Exercise objective:
· Overruling simulated with observed values: forcing functions.
Suggested reading:
Chapters 2.3, 4.1, 7.5 of the book, ORYZA2000: modelling lowland rice.
Exercise:
Two of the most important factors that determine growth are the amount of intercepted light (photosynthetically active radiation, i.e., the wavelength between 400 and 700 nm) and the efficiency with which this light is used in photosynthesis. For a given amount of sunlight, the light interception by the crop is determined by the leaf area index (LAI). The efficiency with which this light is used in photosynthesis depends on the leaf nitrogen content (NFLV). When we have experimental data on LAI and NFLV from a specific crop, we can use this information to improve the simulation with ORYZA2000. This is especially useful when we are not sure whether the growth conditions of the field experiment we want to study were actually truly ‘potential’ (for example, the crop in the experiment may have suffered from lack of nutrients or from diseases).
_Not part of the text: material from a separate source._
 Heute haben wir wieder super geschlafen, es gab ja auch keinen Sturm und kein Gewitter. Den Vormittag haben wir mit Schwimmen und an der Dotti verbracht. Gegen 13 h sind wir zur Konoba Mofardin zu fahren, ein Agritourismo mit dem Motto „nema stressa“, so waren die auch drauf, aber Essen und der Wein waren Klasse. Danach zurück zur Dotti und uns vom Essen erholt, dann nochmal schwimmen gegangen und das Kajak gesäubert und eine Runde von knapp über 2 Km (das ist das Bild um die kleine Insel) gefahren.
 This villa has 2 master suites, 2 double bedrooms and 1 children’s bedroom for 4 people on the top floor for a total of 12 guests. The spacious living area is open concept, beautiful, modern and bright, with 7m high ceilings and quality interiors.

Ex-II.12. In CONTROL.DAT, change the experimental data file to IR72DS0.T92. This data file contains the management information and crop measurements of the zero nitrogen treatment of the field experiment at IRRI in 1992 (see Box II.1). The information available from this experiment in Box II.1 does not allow us to run ORYZA2000 with a nitrogen balance, so the RUNMOD is still ‘POTENTIAL’. Run the model, and make graphs of the simulated and observed LAI versus time (Figure II.6a) and of the simulated and observed weights of total biomass (Figure II.6b) and panicle biomass. Explain the results. A. With no N fertilizer, the crop suffers from nitrogen deficiency and crop performance is below potential, both in terms of leaf area and biomass.
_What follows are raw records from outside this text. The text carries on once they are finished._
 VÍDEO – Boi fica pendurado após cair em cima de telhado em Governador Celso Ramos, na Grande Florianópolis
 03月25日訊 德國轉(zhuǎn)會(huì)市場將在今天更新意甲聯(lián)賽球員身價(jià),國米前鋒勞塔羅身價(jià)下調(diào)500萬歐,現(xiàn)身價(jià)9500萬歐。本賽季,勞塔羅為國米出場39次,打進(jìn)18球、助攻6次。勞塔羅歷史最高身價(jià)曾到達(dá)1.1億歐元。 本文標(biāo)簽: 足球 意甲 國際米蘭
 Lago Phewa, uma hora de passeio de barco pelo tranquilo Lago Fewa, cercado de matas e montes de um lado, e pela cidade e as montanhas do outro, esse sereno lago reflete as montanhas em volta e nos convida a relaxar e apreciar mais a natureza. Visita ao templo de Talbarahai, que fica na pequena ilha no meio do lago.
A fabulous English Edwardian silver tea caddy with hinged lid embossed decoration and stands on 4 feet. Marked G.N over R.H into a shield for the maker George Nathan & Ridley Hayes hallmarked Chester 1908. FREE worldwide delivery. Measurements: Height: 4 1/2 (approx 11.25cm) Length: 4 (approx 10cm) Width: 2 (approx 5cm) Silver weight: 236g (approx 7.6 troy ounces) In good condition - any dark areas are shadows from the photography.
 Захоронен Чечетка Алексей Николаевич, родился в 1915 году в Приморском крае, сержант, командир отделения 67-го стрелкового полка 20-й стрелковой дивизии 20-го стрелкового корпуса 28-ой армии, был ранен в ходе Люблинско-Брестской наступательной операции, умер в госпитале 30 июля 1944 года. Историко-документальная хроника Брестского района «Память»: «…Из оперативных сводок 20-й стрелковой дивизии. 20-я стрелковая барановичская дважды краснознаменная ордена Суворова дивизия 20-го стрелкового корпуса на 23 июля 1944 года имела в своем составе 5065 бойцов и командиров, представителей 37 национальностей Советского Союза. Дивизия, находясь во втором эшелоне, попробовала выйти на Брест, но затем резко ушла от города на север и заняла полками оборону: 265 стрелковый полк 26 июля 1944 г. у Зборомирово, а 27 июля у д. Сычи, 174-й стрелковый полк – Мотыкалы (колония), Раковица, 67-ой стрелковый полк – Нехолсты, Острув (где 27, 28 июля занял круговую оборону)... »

Ex-II.13. Locate the parameter NFLV_FRC in the file IR72DS0.T92 and notice its meaning: when its value is 0, simulated values (i.e. values read from the crop data file IR72.DAT; see the text between Exercises III.3 and III.4 in “Chapter III: Nitrogen-limited production”) are used, and when its value is 2, the measured data are used (‘forced’ to replace the simulated values). Locate also the parameter LAI_FRC and notice the same meaning for the use of simulated or measured LAI values. Make a rerun with the values of both parameters set to 2:
NFLV_FRC = 2
LAI_FRC = 2
Run ORYZA2000 and make graphs of simulated and observed LAI (Figure II.7a), simulated and observed total biomass (Figure II.7b), simulated and observed green leaf biomass (Figure II.7c) and simulated and observed panicle biomass, for both the default run (no forcing) and the rerun (forcing). Explain the differences. A: with forced values for LAI and NFLV, the match between observed and simulated biomass is better than without using forced values.
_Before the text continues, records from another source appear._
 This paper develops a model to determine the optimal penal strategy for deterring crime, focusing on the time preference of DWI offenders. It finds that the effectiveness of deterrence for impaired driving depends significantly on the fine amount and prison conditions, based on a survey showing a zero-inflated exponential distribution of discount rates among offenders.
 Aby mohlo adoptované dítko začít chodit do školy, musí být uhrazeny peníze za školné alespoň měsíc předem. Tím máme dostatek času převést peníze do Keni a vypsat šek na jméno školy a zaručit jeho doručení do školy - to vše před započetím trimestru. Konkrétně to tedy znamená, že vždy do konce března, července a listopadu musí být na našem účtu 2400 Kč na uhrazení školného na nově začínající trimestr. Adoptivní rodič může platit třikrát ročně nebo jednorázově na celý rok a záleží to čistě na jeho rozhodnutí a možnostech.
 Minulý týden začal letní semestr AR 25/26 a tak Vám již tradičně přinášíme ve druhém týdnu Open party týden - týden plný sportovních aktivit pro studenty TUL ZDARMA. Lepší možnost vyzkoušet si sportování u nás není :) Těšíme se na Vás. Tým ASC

In Figure II.7a, we see that the simulated LAI in the forcing mode (rerun) is an interpolation of the measured LAI. However, after the last observed value of LAI (after daynumber 110), simulated LAI shoots up from less than 1 to around 1.5. This is because when the forcing mode is “on”, interpolated values are used from the first till the last observed value only. Before and after the last observed value, simulations are used as if there were no observations. Hence, pretty large “jumps” may occur in simulated values before and after the last observations.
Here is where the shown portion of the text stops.